Frequently asked questions

  • How fragile is selenite for finished jewelry?
    Selenite is gypsum (hydrous calcium sulfate) at Mohs 2 — softer than a fingernail. It scratches with light handling, cleaves along flat planes if dropped, and dissolves in water over time. That makes it a poor candidate for rings, bracelets, or any piece that meets daily abrasion. It works best in earrings, pendants, and statement necklaces worn occasionally and stored separately from harder stones. Designers building wear-tolerant production lines usually route selenite to occasional-wear SKUs rather than core inventory. If a client wants the white translucent look in a daily-wear piece, consider howlite or white agate instead.
  • Can selenite beads be cleaned with water or ultrasonic?
    No. Selenite is water-soluble — even brief exposure dulls the polish, and prolonged contact will pit and degrade the bead surface. Never use water, soap solutions, ultrasonic cleaners, or steam. Skip alcohol-based jewelry dips as well; many contain water as a carrier. Clean only with a dry, soft cloth, and wipe gently to avoid surface scratching. Tell finished-piece customers to remove selenite jewelry before washing hands, swimming, or sweating heavily, and to store it in a dry environment away from humidity. Bathroom storage is the most common way these beads get ruined after the sale.
  • Is the white fibrous material sold as selenite actually satin spar?

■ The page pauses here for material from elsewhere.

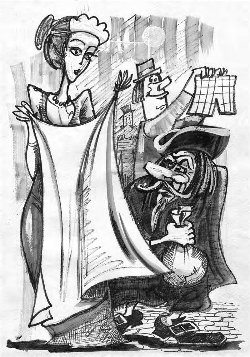– А ткань, вы посмотрите, какая ткань, – не унимался Карлик, – такой тонкой ткани вы еще не видели. А теперь вопрос – сколько стоит эта юбка? – и он достал из сундука чудную кружевную юбку.
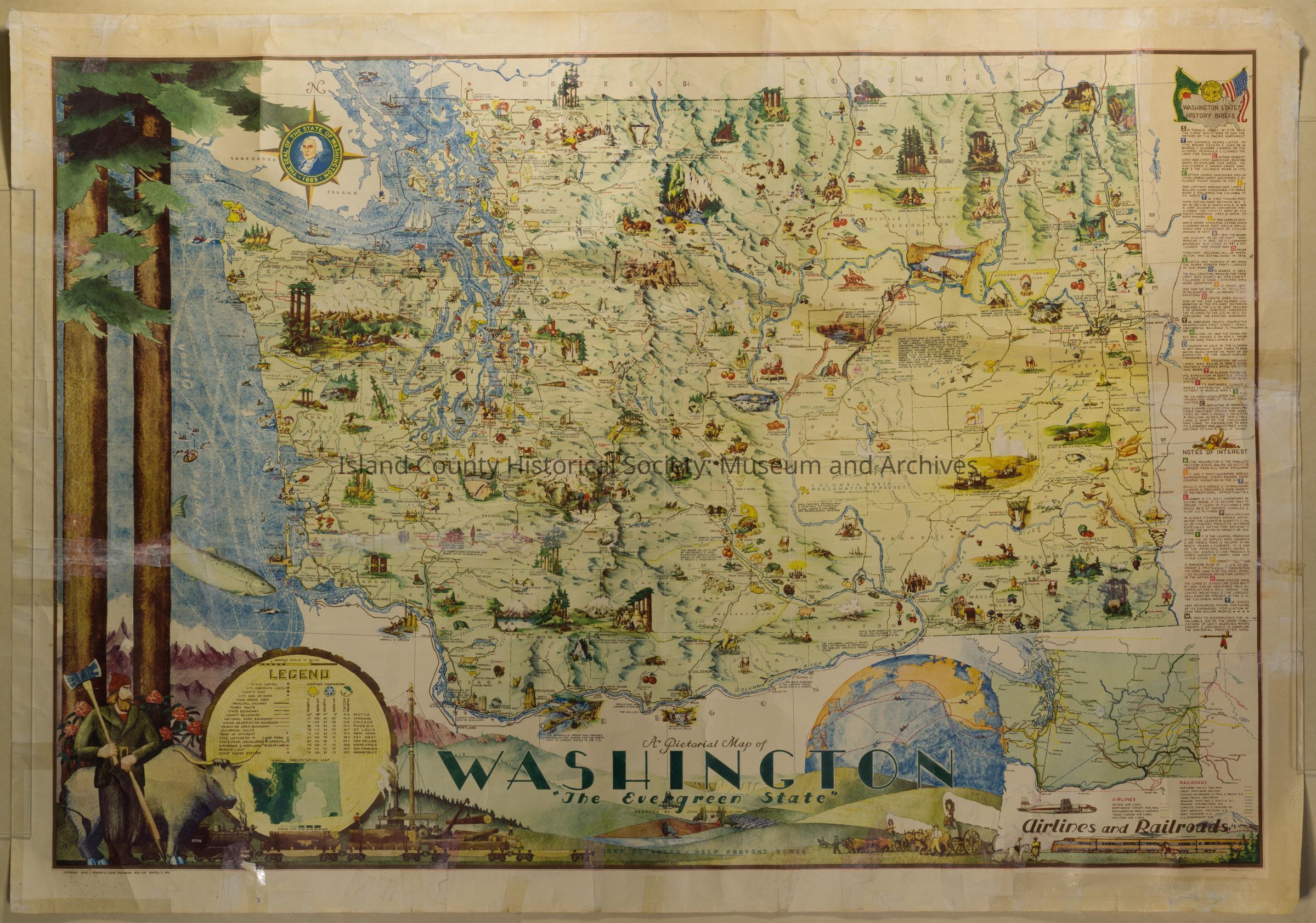 A Pictorial Map of Washington the Evergreen State. Color map.

    Most of the white, silky, chatoyant rod-cut and bead-cut material on the bead market is satin spar — a fibrous variety of gypsum — sold under the trade name selenite. True selenite is the clear, sheet-like crystalline variety. Both are the same mineral (gypsum, CaSO4·2H2O), share Mohs 2, and behave identically in terms of care and water sensitivity. The trade uses selenite as the umbrella name, so the labeling is industry-standard rather than misleading. If a project specifically calls for transparent crystalline selenite versus the fibrous satin-spar look, ask before buying.
  • What stones get confused with selenite in the bead trade?
    White calcite, anhydrite, and bleached howlite are the most common look-alikes. Calcite is harder (Mohs 3) and reacts to acids; anhydrite is the dehydrated form of gypsum and runs slightly harder at Mohs 3–3.5; howlite is Mohs 3.5 with a more chalky, opaque body and visible gray veining. Selenite is uniquely soft and uniquely water-sensitive — those two traits together rule out most substitutes. If a strand labeled selenite tolerates a damp cloth without surface change, it likely isn't gypsum. The mineral identity is the reference point; ask before buying if anything looks off.
  • What design contexts suit selenite beads best?
    Selenite reads as soft white with a pearlescent or silky chatoyance from the fibrous structure, which makes it useful as a neutral spacer or as the focal in monochrome white palettes. It pairs cleanly with sterling, with matte metals, and with other low-saturation stones like moonstone, white agate, or pearl. Avoid stringing it tight against harder beads (jasper, agate, quartz) that will abrade the polish over time — buffer with metal spacers or knotted silk. Smaller rounds (6mm, 8mm) work well in earrings and layered necklaces; 10mm rounds suit statement pendants where the chatoyance carries the piece.